资源环境科技发展态势分析平台

New measurement devices allow observing rainfall with unprecedented resolution. Such observations often reveal new features of rainfall occurring at the local scale (areas of about 1-25 km(2)). In particular, the joint effects of the advection of rain storms over the ground, and the deformation of spatial rain patterns along time, generate a complex rain field dependence structure characterized by strong space-time interactions. When a high-resolution is desired, stochastic rainfall models must therefore be upgraded to account for these new features of rain fields.
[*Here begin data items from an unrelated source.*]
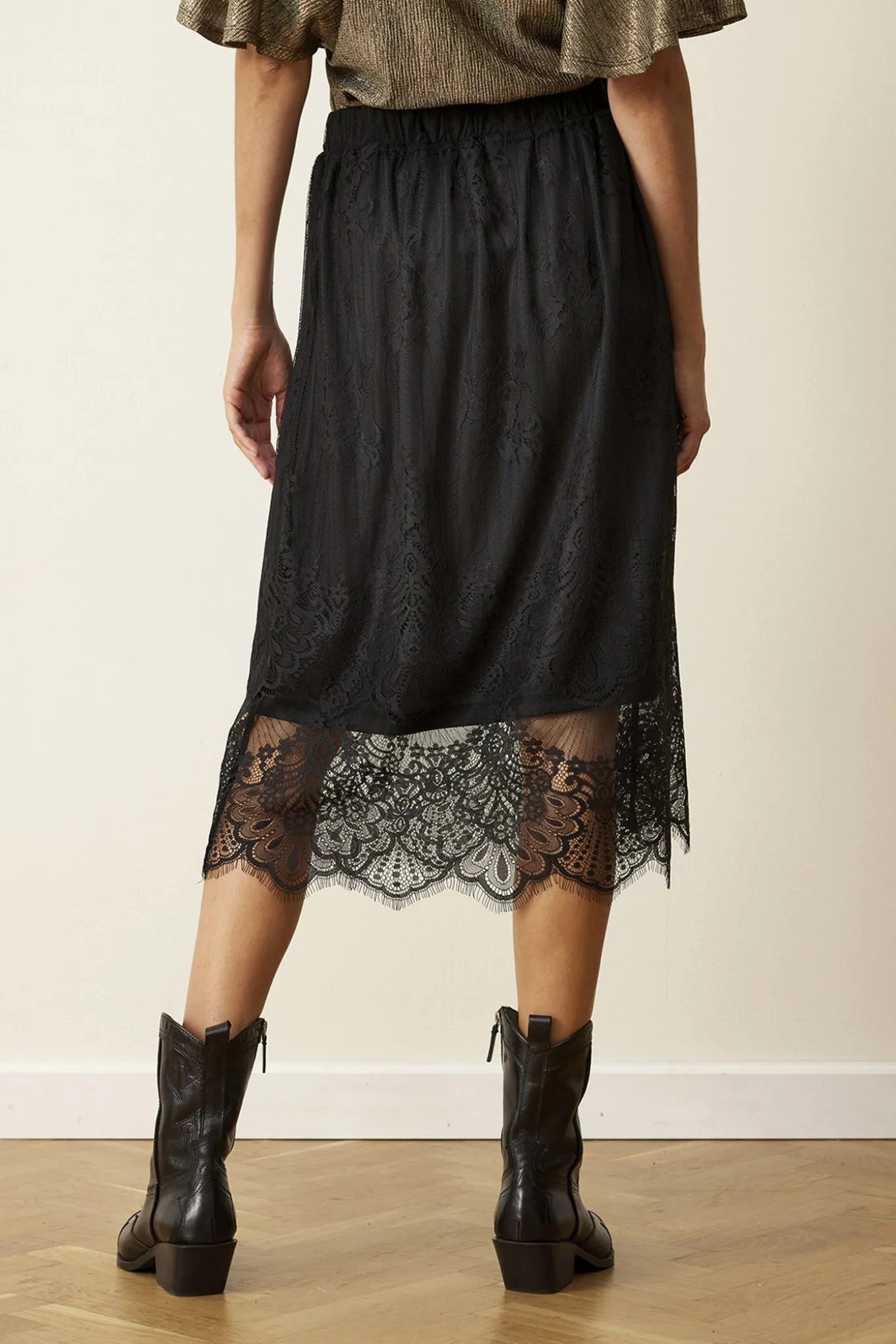- OBS! Fjernlager. Levering kan blive forlænget med 2-3 dage, hvis varen ikke findes i vores butik lige nu.Feminin nederdel fra In Front med en bred elastikkant i taljen og den smukkeste blonde kvalitet.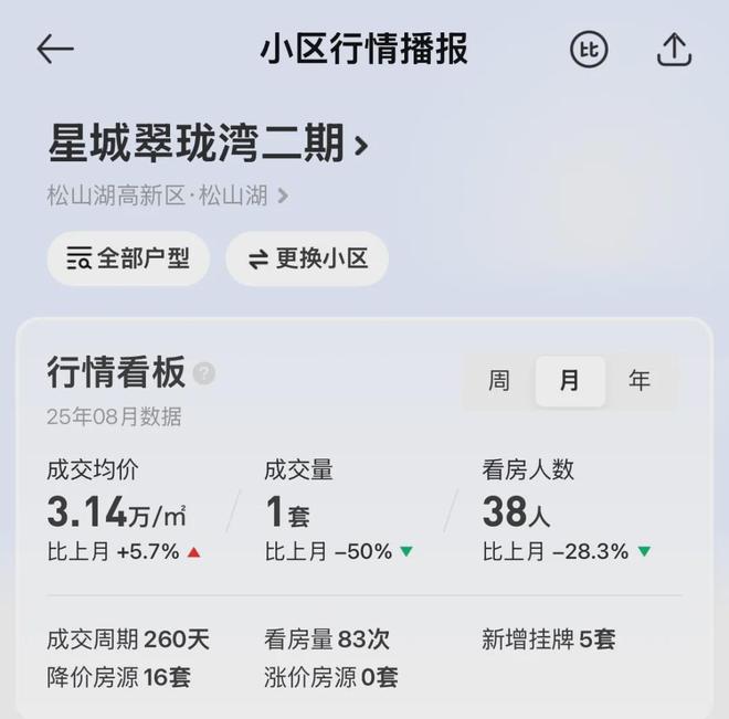 星城翠珑湾二期成交均价约3.14万/平,环比上涨约5.7%。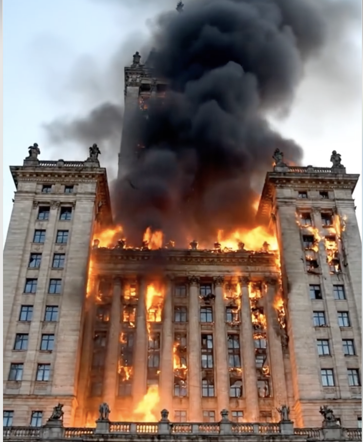 Imagine this: you’re standing in the heart of Warsaw, looking up at the towering Palace of Culture and Science, and suddenly the unthinkable happens — flames burst through its windows,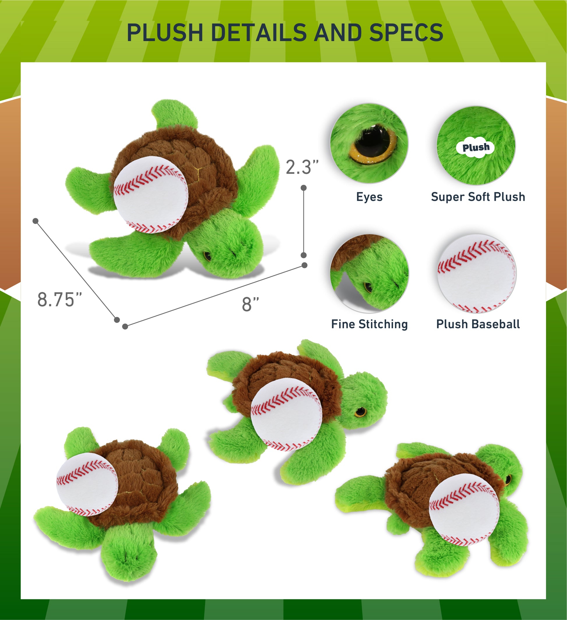 Ideal Use for the Kids Baseball Plush and Stuffed Big Eye Sea Turtle - The turtle baseball stuffed animal makes a great addition to your kids baseball stuff for boys collection. Great gifts for boys who love sports and plush dolls. If you're looking for the perfect baseball gift ideas for kids, this stuffed turtle with baseball plush is the perfect choice. It's the perfect stuffed animal baseball birthday gifts to give on any special occasion.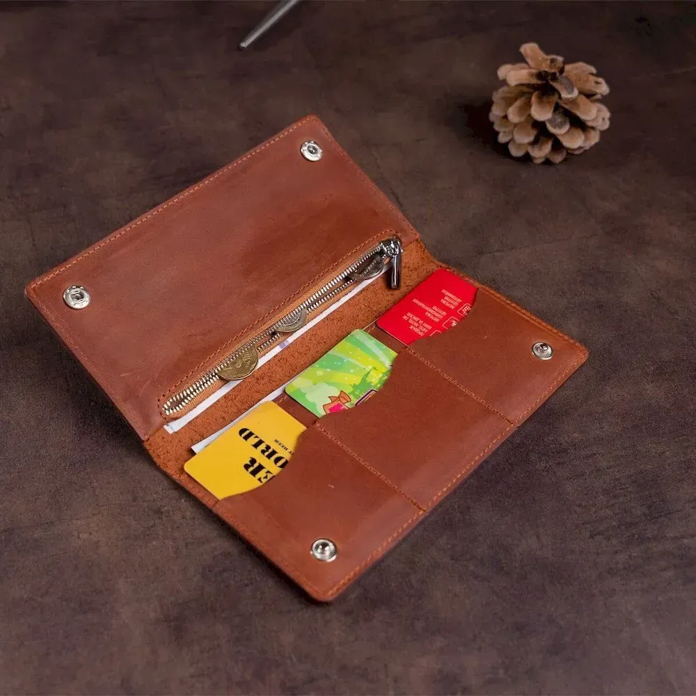 Чоловічий гаманець матовий з натуральної шкіри. Зручно лежить у руці і має простий та функціональний дизайн. Кишеньку на блискавці за бажання ви можете використовувати для дрібниці. З таким аксесуаром ваші кошти завжди будуть у безпеці. Купюри в гаманець розміщуються у розгорнутому вигляді. Закривається гаманець на дві кнопки всередині аксесуара. Виріб легко поміститься в сумку і однозначно порадує свого власника.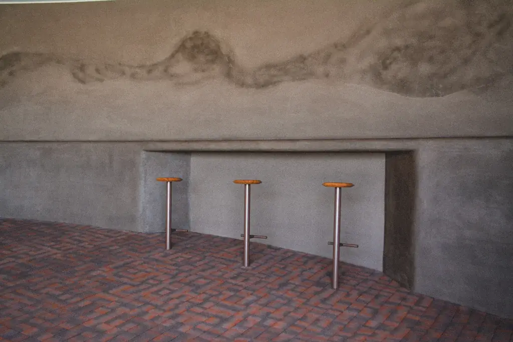 「Niwa Fukuoka」では、土壁に廃棄される珈琲の粉末を再利用した仕上げ材を使用しています。細かく乾燥させた粉を左官材に混ぜ込むことで、微細な質感と自然な色味を加え、やわらかな陰影を生む壁面を実現しました。このような素材の再活用は、空間に温かさと環境への配慮をもたらしています。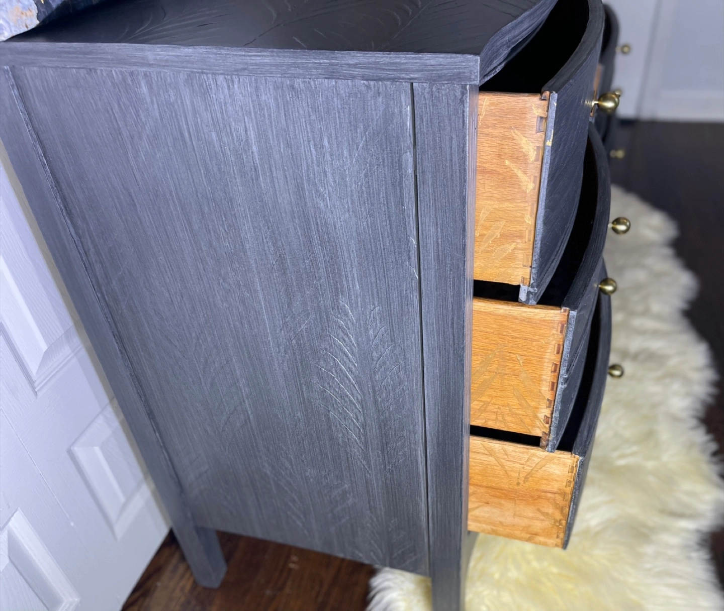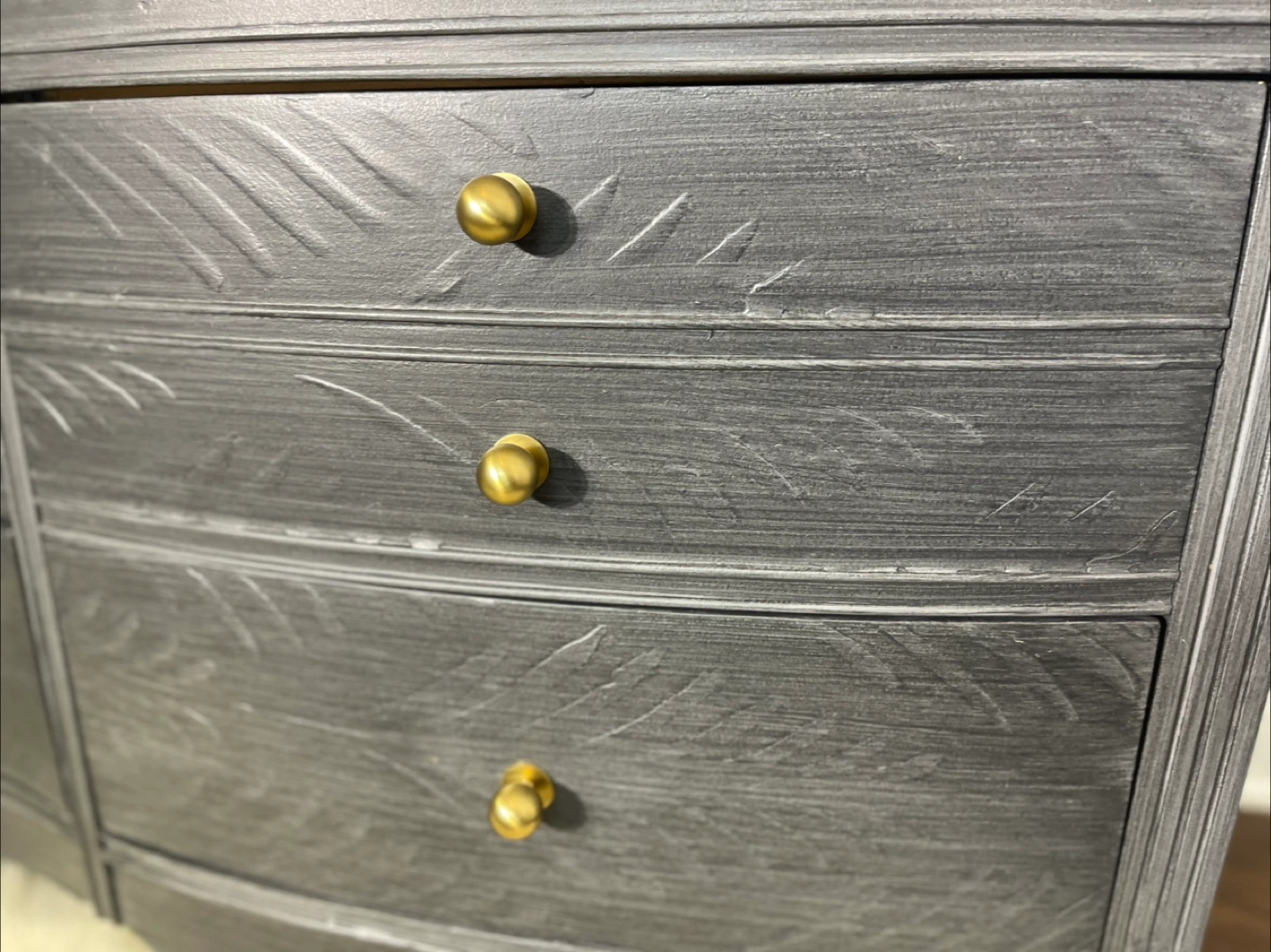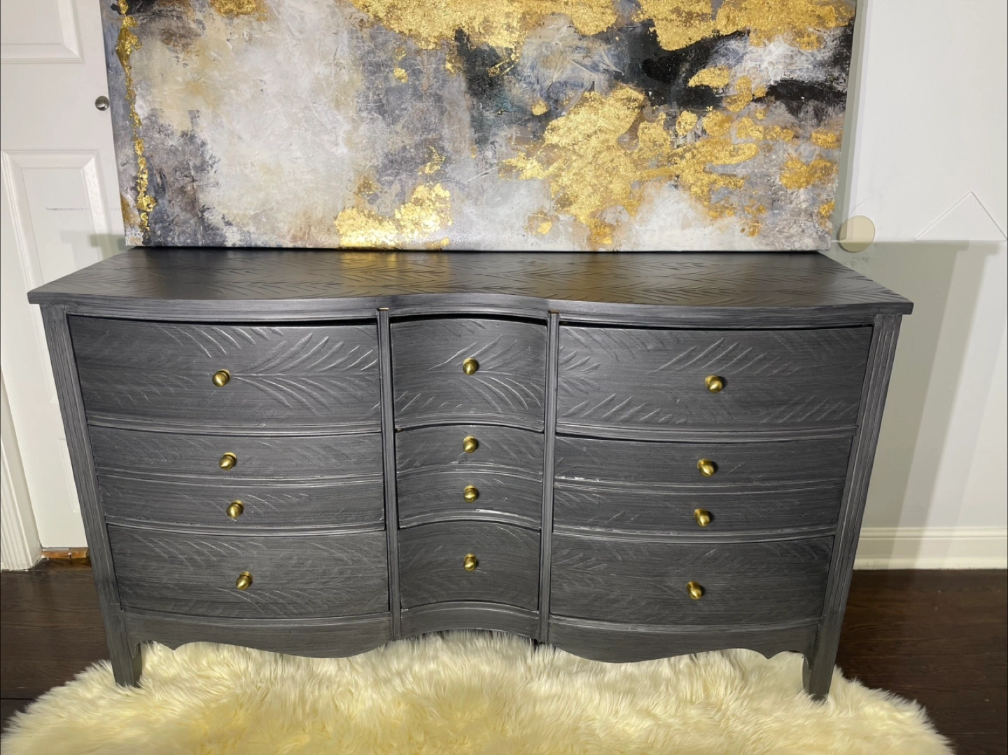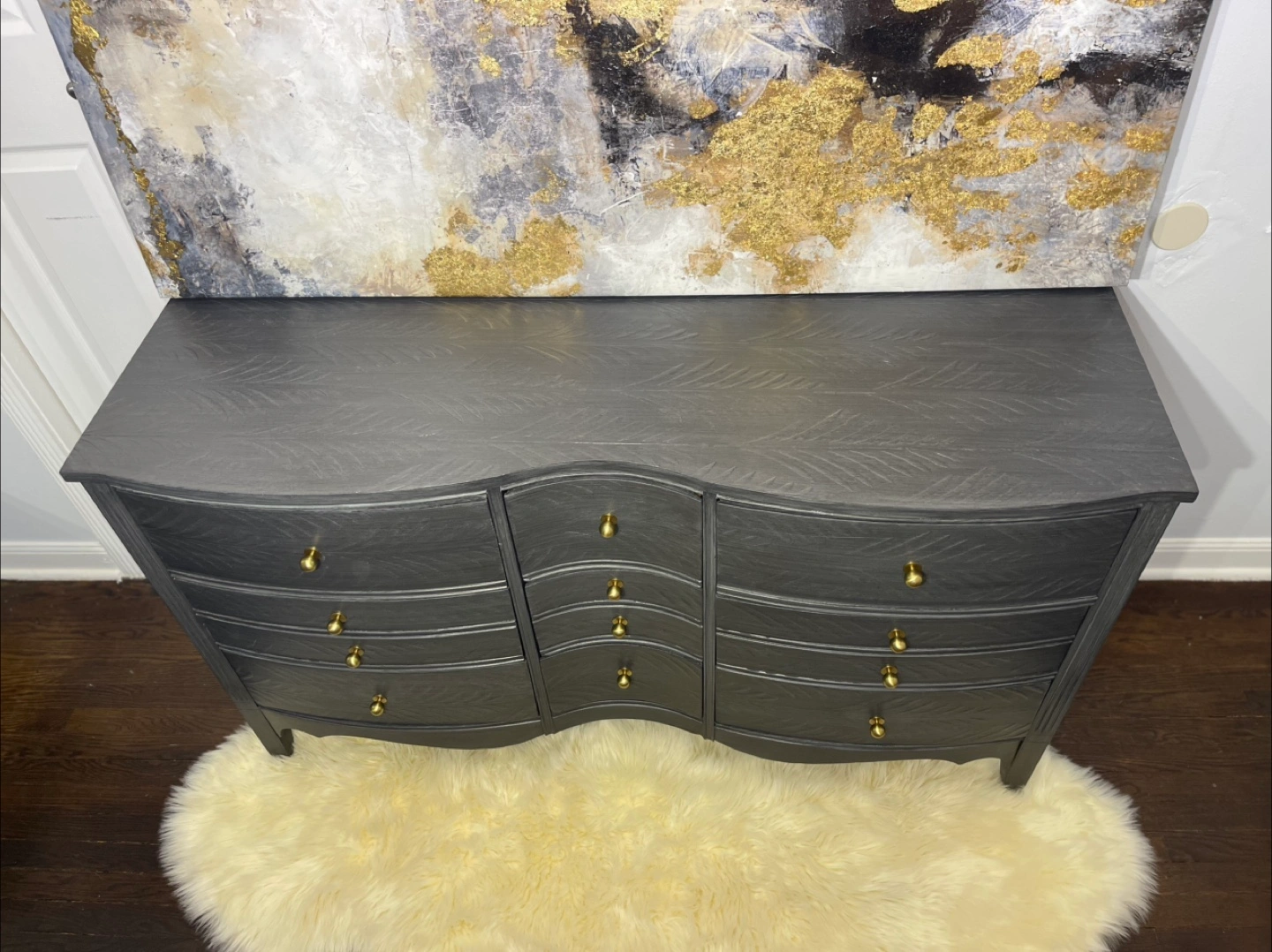 Beautiful Dixie dresser redone in modern gray brushed finish. Featuring 2 layers of primer, 2 layers of paint, and 3 layers of polycrylic for extra protection and durability.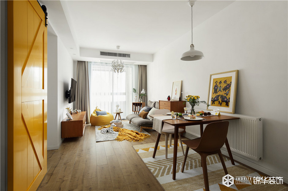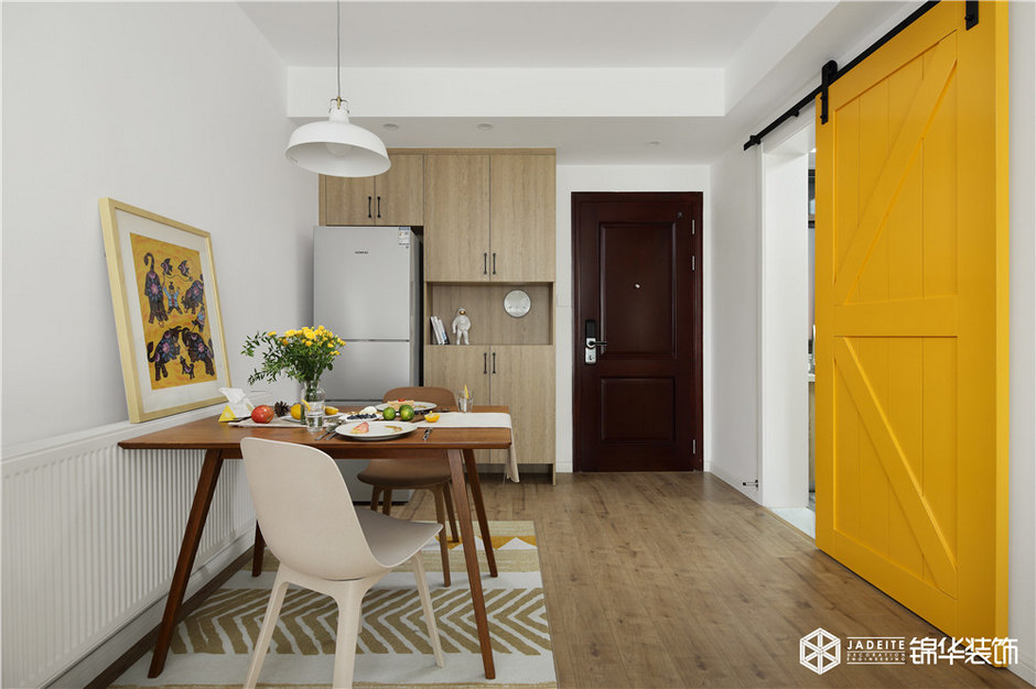 ▲明黃色谷倉門,是空間的視覺亮點之一,它作為廚房和客餐廳的分界線,既有效地節省了空間占比,又十分具有趣味性!

In this paper, we propose to improve the meta-Gaussian framework, which is typically used to model space-time rain fields, to the specific case of sub-kilometer rainfall. Particular attention is paid to the reproduction of the main features of local scale rainfall, namely: (1) a skewed distribution of rain intensities with the presence of intraevent intermittency and (2) a space-time dependency structure with strong and complex space-time interactions. The resulting model, able to generate high-resolution, continuous and space-time rain fields at the local scale, is validated and applied to a real data set collected by a network of drop-counting rain gauges recording rainfall at a 1 min frequency. The combination of these data with the proposed model results in a complete framework that allows resolving the features of high-resolution rainfall (1 min temporal resolution, 100 m spatial resolution) over a small alpine catchment in Switzerland.